6. Женитьба военного времени


   — А теперь, — сказал Сарнак, — происходит смена костюма. Вы, вероятно, представляете себе Гарри Мортимера Смита таким: нескладный юнец лет семнадцати, одетый в так называемое «готовое платье» — мешковатое изделие массового производства. Юнец щеголял в белых воротничках, черном пиджаке и темно-серых брюках замысловатого и хитрого покроя, а на голове носил черное полушарие с маленькими полями, именуемое котелком. Отныне же этот юнец облачается в иной, еще более мешковатый комплект готовых изделий — «хаки», форму британского солдата времен Великой мировой войны с Германией. В 1914 году нашей эры, словно по мановению волшебной палочки, из края в край Европы прокатилась волна политических катастроф — и облик мира резко изменился. Процесс накопления уступил место процессу разрушения, и целое поколение молодых людей, сошедших в собранном виде с витрин Чипсайда — помните, я рассказывал, — надело военную форму, построилось в шеренги и затопало к полосам окопов и запустения, что пролегли по Европе. Уже не первая война зарывалась в ямы, пряталась за колючей проволокой, громыхала бомбами и залпами мощных орудий, но такой, как эта, еще не бывало… Всемирный хаос перешел в новую стадию. Так жидкость в гигантском котле понемногу нагревается все сильней и вдруг закипает — и сразу переливается через край. Так санная колея в горах долго спускается гладко, почти ровно и вдруг, срываясь, петляет дикими зигзагами по крутому склону. Лавина, веками сползавшая вниз, достигла критической точки…

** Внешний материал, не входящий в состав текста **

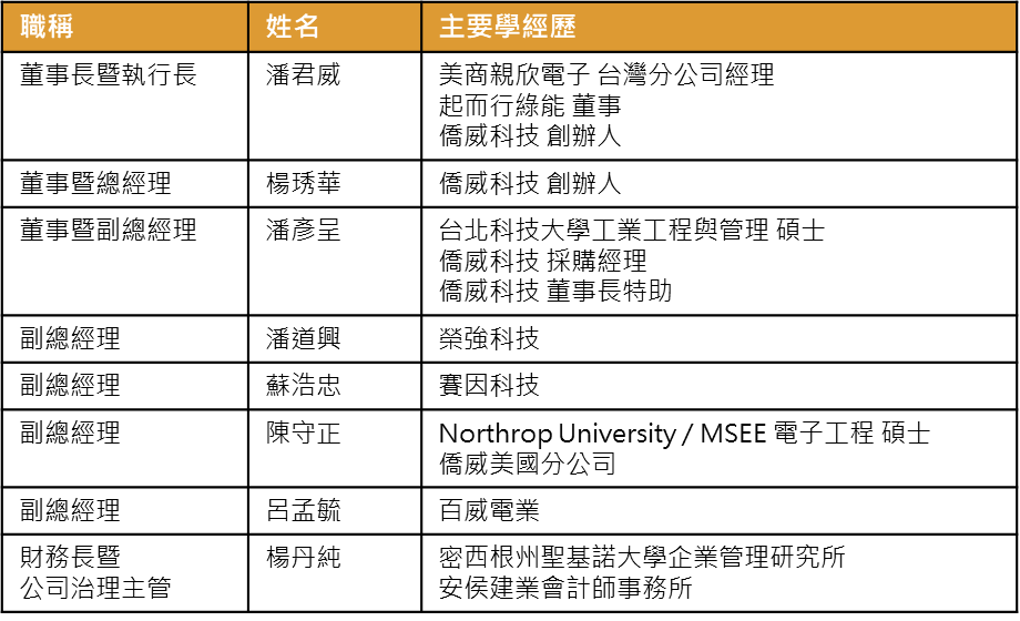 僑威前十大股東除專業投資人盧燕賢及連接器供應商暐翔(櫃:6185)董事長之投資公司春田投資外,其餘皆為董事長及其家族持股,合計持股達 20%,為家族企業。近年隨經營層年齡漸長,董事長也開始培養二代潘彥呈進行接班,未來可再關注二代接任執行長及總經理的狀況。

   Смена костюма — да; и не только костюма: смена всей декорации. Помню паническое возбуждение тех августовских дней, когда разразилась война. Помню, каким недоверчивым удивлением встретили мы, англичане, сообщение о том, что наша крохотная армия отброшена немецкими войсками, как ощетинившийся котенок нетерпеливой метлой, что рушатся оборонительные линии французов. Затем — сентябрь: опомнились, стали восстанавливать силы. На первых порах мы, парни с Британских островов, были всего лишь взволнованными зрителями, но, когда до нас дошла весть о боях и потерях английской армии, мы тысячами — нет, десятками тысяч — устремились на призывные пункты, пока наконец армия добровольцев не стала исчисляться миллионами. Вместе с другими пошел и я.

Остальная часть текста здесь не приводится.